Когда до сих пор мы, поэты, должны извиняться
За то, что иные и мысли у нас об ином.
Дельцы от культуры здесь держат нас за иностранцев,
Без комплексов всяких присвоив наш жребий и дом.

Магжан презирал лжеэлитные группы и кодлы;
Магжан обманулся, когда в них поверить хотел.
Они, как убили его беззастенчиво подло,
Так ныне хотят возродить для палаческих дел.

Иных здесь магжанов желая громить его нимбом,
Бессильны, однако, величье его описать,
Твердят, твердолобые, что-то про гордость и символ,
Собрав для подмоги уныло-ученую рать.

Пришел я к Магжану, но здесь я его не увидел.
С бюро похоронным не смог я, увы, усидеть.
Всех этих живых, коих бог разуменьем обидел,
Живей, на мой взгляд, был поэта надменный портрет.

x x x

Вот город мой, где мне никто не рад,
Где душу тешить некогда и нечем.
Людей и зданий пестрый маскарад
Меня уже не лечит, не калечит.

Я ухожу в другие города.
Там — сны садов и бденье минаретов.
По арыкам, струясь, бежит вода,
На зуб торговец пробует монету.

Там всадник едет тощий как доска,
Без лат и шлема, без щита и сабли.
И цель его поездки далека
Для тех, кто в метафизике догадлив.

Так некий принц покинул свой дворец,
Так Фараби уехал из Отрара.
Он тихо едет: не баксы, не жрец
И не мираб, отмеченный загаром.

А юноша, пытающийся внять
Не шариату, ни Ясе, а зову
Земных дорог, змеящихся во днях,
К каким-то нам неведомым основам.

К любви и Богу, к вороху тревог
Сознания, покинутого верой.
За роковой и гибельный порог —
Туда, где нет ни времени, ни меры.

Помедлив чуть у городских ворот,
В последний раз садов вдохнул он запах —
Когда бы знал он, что Восток падет
И все дороги повернут на запад.

Что, сколь бы он ни ехал, не найти
Ему земли, которую покинул;
Что он и сам изменится в пути,
Что и земли изменится картина;

И что дороги нет уже назад,
И въедет он когда-нибудь под вечер
В мой город, где ему никто не рад,
Где душу тешить некогда и нечем.

Примечания

1. Кодар А. Римские мотивы. Послесловие С.А. Кибальника. URL: http://www.newruslit.ru/modernwords/northbush/kodar/Kodar-Roman-Afterword.pdf

2. Кибальник С.А. Катулл в русской поэзии XVIII — первой половины XIX века // Античная поэзия в России. XVIII — первая половина XIX века. Очерки. СПб., 2012. С. 11—42.

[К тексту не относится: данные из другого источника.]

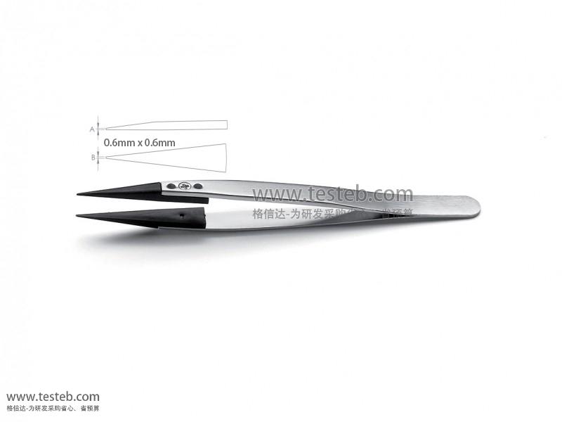 SV:High performance plastic高性能塑料,PVDF polyvinylidene fluoride carbon fibre reinforced,PVDF聚偏氟乙烯(特氟龍一種)碳纖維增強,ESD防靜電阻值10^5Ω歐姆,耐高溫150°C,低摩擦無劃痕損傷;優良的耐酸堿腐蝕耐化學性,防氫氟酸、硝酸、鹽酸及無機酸和有機酸、溶劑、鹵素等。如型號ideal-tek 259SVR.SA鑷子0.6mm尖直頭。

3. Кодар А. Цветы руин. Алматы, 2004. С. 11.

4. Там же. С. 17.

5. Там же. С. 47.

6. Там же. С. 21.

7. Белинский В.Г. Стихотворения Лермонтова // Белинский В.Г. Полн. собр. соч. М.; Л., 1955. Т. 6. С. 644.

8. Лермонтов М.Ю. Собр. соч. Л., 1979. Т. 1. С. 400.

9. Там же. С. 424.

10. Кодар А. Цветы руин. С. 41.

11. См.: Валиханов Ч. Собр. соч. Алма-Ата, 1961. Т. 1. С. 111.

12. Лермонтов М.Ю. Собр. соч. Т. 1. С. 460.

13. Рубцов Н. Стихотворения. М., 2011. С. 111.

14. Кодар А. Цветы руин. С. 77.

15. Пушкин А.С. Стихи, сочиненные ночью во время бессонницы // Пушкин А.С. Полн. собр. соч.: В 10 т. Л., 1977. Т. 2. С. 111.

16. Лермонтов М.Ю. Собр. соч. Т. 1. С. 488.